### EXERCISE OBJECTIVE:
Go through the following data and transcribe exactly the stretch of lines from the one holding "Diese Handfesseln sind" to the one holding "Nosilec za tipkovnico", both included.

### EXTRACTED MATERIAL:
Segment Open
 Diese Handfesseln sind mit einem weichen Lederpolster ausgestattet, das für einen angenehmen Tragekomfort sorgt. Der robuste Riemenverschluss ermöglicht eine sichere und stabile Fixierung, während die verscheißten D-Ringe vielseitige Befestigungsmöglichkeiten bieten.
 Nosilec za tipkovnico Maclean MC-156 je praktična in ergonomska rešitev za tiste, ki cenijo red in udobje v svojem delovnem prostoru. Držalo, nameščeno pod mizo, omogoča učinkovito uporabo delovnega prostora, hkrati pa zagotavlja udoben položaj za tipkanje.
Segment Closed
Segment Open
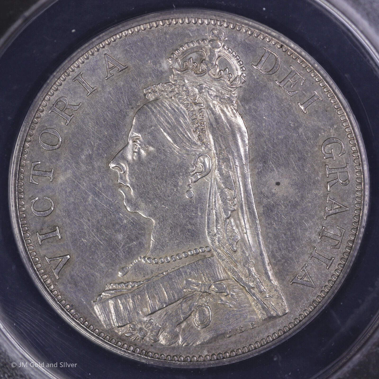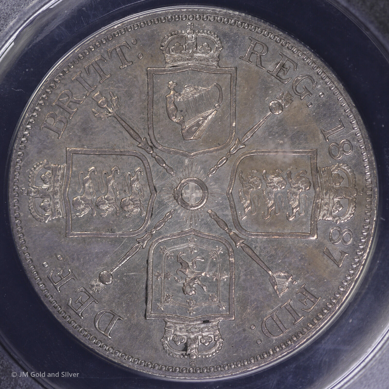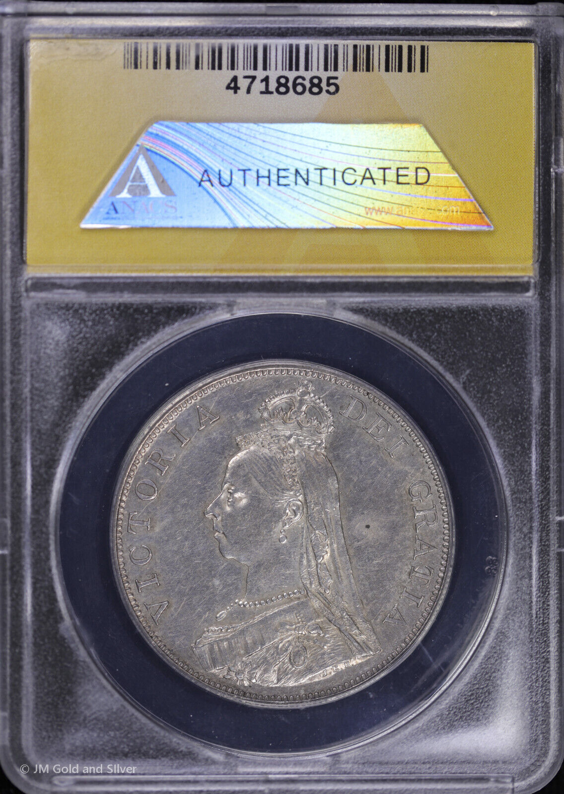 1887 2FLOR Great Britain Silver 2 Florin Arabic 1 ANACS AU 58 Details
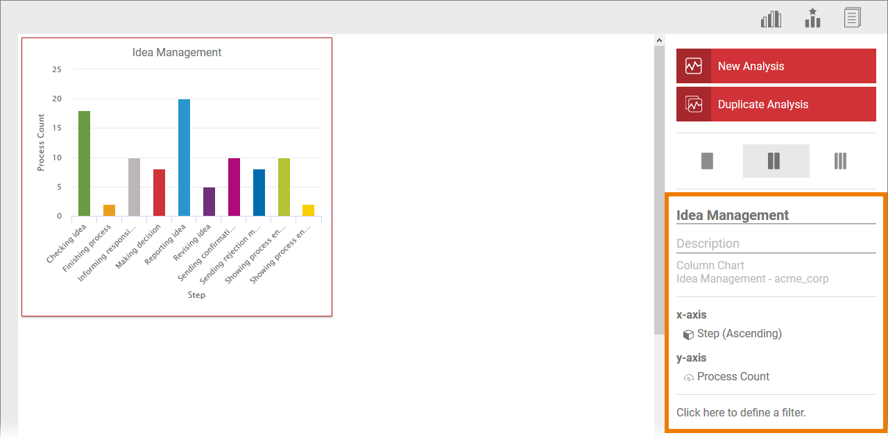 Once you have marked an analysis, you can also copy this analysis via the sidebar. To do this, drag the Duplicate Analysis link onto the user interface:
Segment Closed
### SOLUTION FOR THIS PROBLEM:
 Diese Handfesseln sind mit einem weichen Lederpolster ausgestattet, das für einen angenehmen Tragekomfort sorgt. Der robuste Riemenverschluss ermöglicht eine sichere und stabile Fixierung, während die verscheißten D-Ringe vielseitige Befestigungsmöglichkeiten bieten.
 Nosilec za tipkovnico Maclean MC-156 je praktična in ergonomska rešitev za tiste, ki cenijo red in udobje v svojem delovnem prostoru. Držalo, nameščeno pod mizo, omogoča učinkovito uporabo delovnega prostora, hkrati pa zagotavlja udoben položaj za tipkanje.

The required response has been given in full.